Vincent Di Bella, 17 ans, et Robert Cabirol, 19 ans, ont été arrêtés le 21 août 1944 place de la Chapelle. Trouvés en possession de tracts, ils sont aussitôt fusillés.


Mais reprenons la chronologie des évènements.

Le 17 août à 23h00 Jean Pouységur, 36 ans, médecin capitaine des sapeurs pompiers, se rend gare du Nord où l'on vient de signaler des blessés par balles. Sa voiture est mitraillée rue de Dunkerque, il est mortellement atteint d'une balle dans la tête. Le caporal Chesne, qui l'accompagnait, demande de l'aide par téléphone. Le sergent Charrière part aussitôt avec une équipe de premier secours. Sur place l'équipage est violemment pris à partie par des soldats visiblement excités. Ils sont poussés contre un mur, les mains en l'air. Un capitaine allemand intervient, les pompiers peuvent récupérer le cadavre de Pouységur et le ramener à la caserne.

Merci à Amanda, la nièce de Jean Pouységur, qui a bien voulu nous communiquer un autoportrait de son oncle (visiter sa galerie, voir le tableau)

 

C'est le samedi 19 août que débute vraiment l'insurrection par la prise de la Préfecture de police. Lire : Les policiers dans la bataille et le Siège de la Préfecture de police).

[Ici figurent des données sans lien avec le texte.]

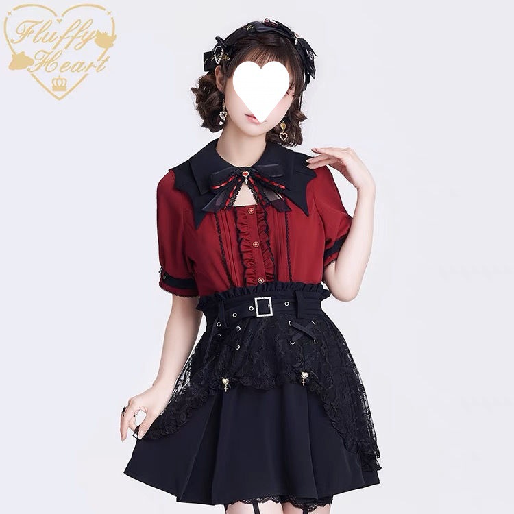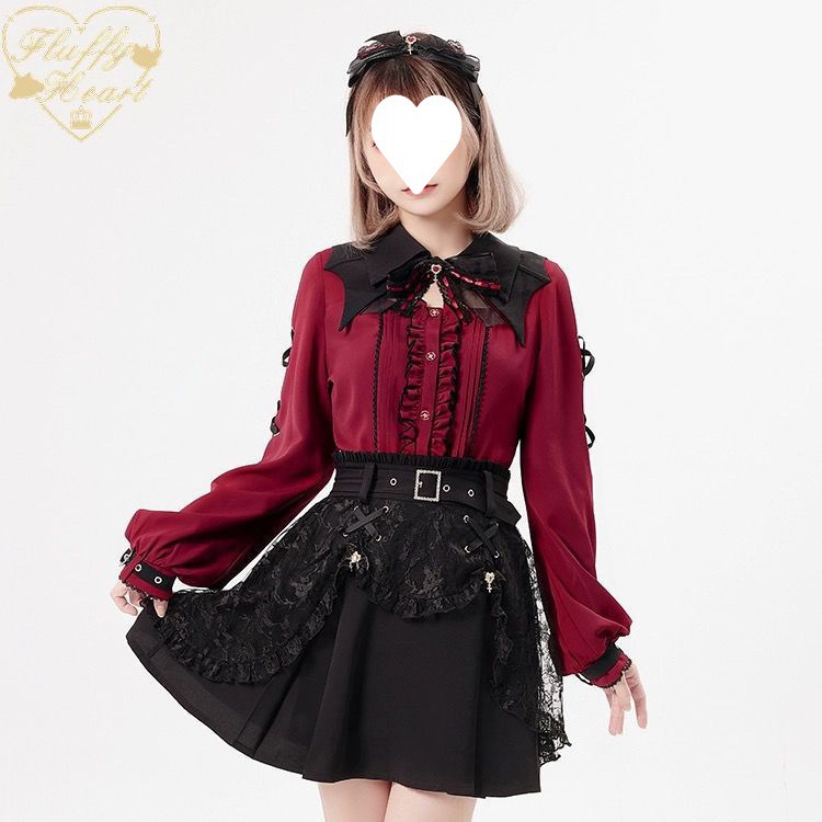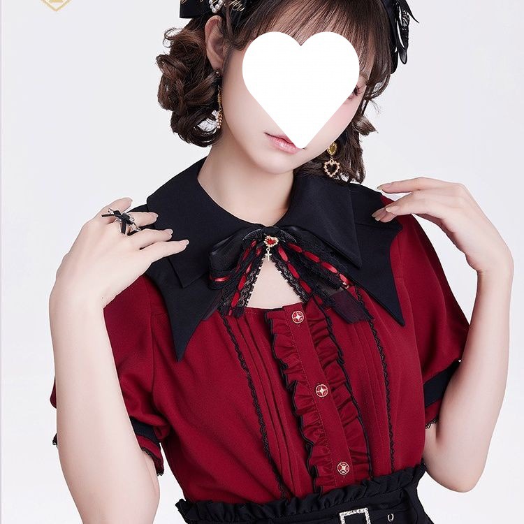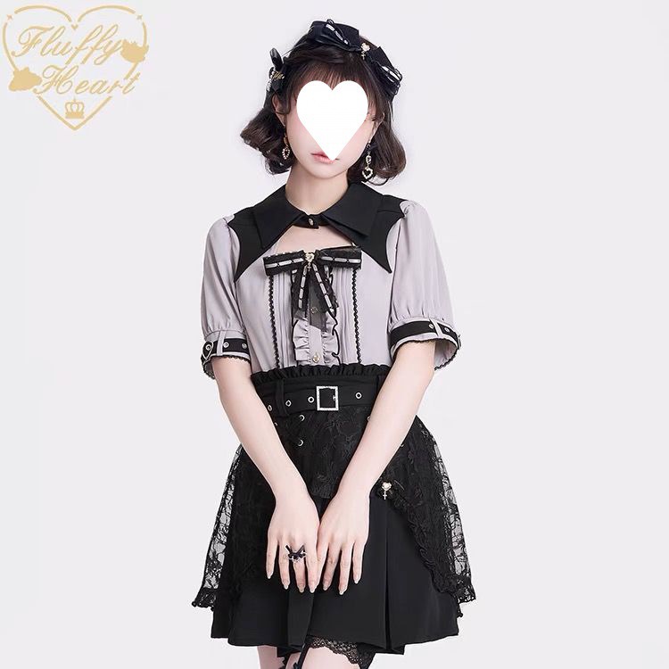 Send Bow Blood-sucking Ji Japanese Style Lace Hollow Bat Collar Short Sleeve Long Sleeve Shirt Two-color

Partout dans la capitale les FFI se découvrent enfin et n'hésitent pas à faire le coup de feu. Mais les soldats allemands ne leur reconnaissent pas la qualité de combattants et les considèrent comme des terroristes. Arrêtés, ils sont fusillés sans jugement

Ce 19 août on peut relever parmi les victimes de la garnison de la gare du Nord :

Henri Turlan, 40 ans
Roger Mathieu, 17 ans, sergent-chef des FFI
René Cauchy, 39 ans, de Bondy; son corps est transporté au poste de secours du 71 boulevard Magenta où il décède.
Albert Burié, 19 ans, de Bondy également; il sera transporté à l'hôpital Dubois.
Roger Gazel, 19 ans
Henri Basile, 32 ans, sergent des FFI
Maurice Miche, 44 ans
Jean Aubry, 22 ans, est abattu devant le 29 rue de Rocroy

Émile Bousseau, 36 ans, membre du MNPGD, est abattu d'une balle dans la nuque dans la cour des départs… (lire l'épisode)

 

Vers 15 h00, une douzaine de gardiens de la paix rentrant de la Préfecture de police sont interceptés boulevard Magenta et conduits à l'intérieur de la gare. En fin d'après midi ils sont emmenés au Mont Valérien où ils seront fusillés le lendemain, leur promet-on. Gaston Boudreault, 31 ans, gardien de la paix au commissariat de Saint-Denis, profite d'un ralentissement pour sauter du camion. Il est tué d'une rafale de mitraillette et son corps est abandonné sur place. Ses camarades seront échangés contre des prisonniers allemands le lendemain.

Louis Malezieux, 50 ans, ébéniste rue d'Avron et sous-lieutenant des FFI de Saint-Mandé, est en mission de liaison quand il tombe au beau milieu d'une fusillade entre Allemands et FFI boulevard Magenta. Mortellement touché il est transporté à la Maison municipale de Santé, 200 rue du Faubourg Saint-Denis.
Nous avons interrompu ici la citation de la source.